Author 4 books86 followers
Read
May 25, 2020
Di questi tempi, così distratti e rapidi, tempestati da uscite editoriali a piè sospinto, la decisione di scrivere un memoir da seicento pagine è una grande scommessa, un vero e proprio atto di fede nel potere della pagina scritta. Soprattutto perché Noi, il libro del giornalista Paolo Di Stefano, nato ad Avola nel 1956, non è un fantasy o una distopia. Ma al lettore bastano poche pagine per immergersi ed essere avvolto dal flusso narrativo e questa epopea familiare che corre dalla Sicilia alla Svizzera, avanti e indietro di generazione in generazione, il viaggio a ritroso nella memoria intrapreso dall’autore, poteva essere compiuto in modo esaustivo soltanto così, tendendo per mano il lettore, invitandolo nel baule dei ricordi. Da qualche parte si deve pur cominciare e il filo rosso inizia a dipanarsi quando l’anziano padre, Vannuzzo, «un sabato mattina, 13 ottobre 2012», ormai prossimo agli ottantatré anni, si lanciò in «un insolito racconto fluviale della sua vita».

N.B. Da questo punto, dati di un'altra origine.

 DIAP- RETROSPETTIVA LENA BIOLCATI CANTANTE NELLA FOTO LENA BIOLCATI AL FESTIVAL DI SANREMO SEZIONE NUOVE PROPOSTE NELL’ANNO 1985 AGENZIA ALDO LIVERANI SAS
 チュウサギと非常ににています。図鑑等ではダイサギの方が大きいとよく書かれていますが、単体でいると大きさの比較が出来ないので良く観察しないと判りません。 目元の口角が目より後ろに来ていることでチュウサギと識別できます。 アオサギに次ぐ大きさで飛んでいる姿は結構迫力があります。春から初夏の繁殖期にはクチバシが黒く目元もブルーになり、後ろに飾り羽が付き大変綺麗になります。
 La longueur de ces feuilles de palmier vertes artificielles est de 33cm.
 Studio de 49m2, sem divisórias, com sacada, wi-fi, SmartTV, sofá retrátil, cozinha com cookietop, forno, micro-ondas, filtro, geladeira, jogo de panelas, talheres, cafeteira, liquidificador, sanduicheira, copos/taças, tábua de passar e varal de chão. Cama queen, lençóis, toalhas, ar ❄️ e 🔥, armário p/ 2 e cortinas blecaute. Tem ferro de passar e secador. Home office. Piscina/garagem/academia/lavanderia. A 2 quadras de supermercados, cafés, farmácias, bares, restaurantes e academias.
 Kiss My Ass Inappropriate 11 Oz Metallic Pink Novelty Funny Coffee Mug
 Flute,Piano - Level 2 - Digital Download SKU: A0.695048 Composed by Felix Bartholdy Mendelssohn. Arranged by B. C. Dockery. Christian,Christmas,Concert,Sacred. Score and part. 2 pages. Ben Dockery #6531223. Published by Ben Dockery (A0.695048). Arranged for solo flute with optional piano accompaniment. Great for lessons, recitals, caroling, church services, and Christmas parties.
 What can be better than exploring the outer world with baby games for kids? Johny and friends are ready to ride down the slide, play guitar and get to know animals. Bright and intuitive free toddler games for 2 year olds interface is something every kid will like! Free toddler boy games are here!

In Noi le donne hanno un ruolo importante, si fanno narratrici, incalzano l’autore ma il perno centrale della storia è il rapporto padri-figli, quel misto di tenerezza e rispetto che troviamo già quando il padre dell’autore rievoca il proprio genitore, «don Giovanni u Crocifissu», un femminaro senza requie, «violento e assatanato», che umiliava la moglie ricordandole che «il padrone maschio era sempre lui» e scatenando le ire del figlio in un rapporto di burrasca e però, anche d’amore. Profano sì, ma soprattutto sacro.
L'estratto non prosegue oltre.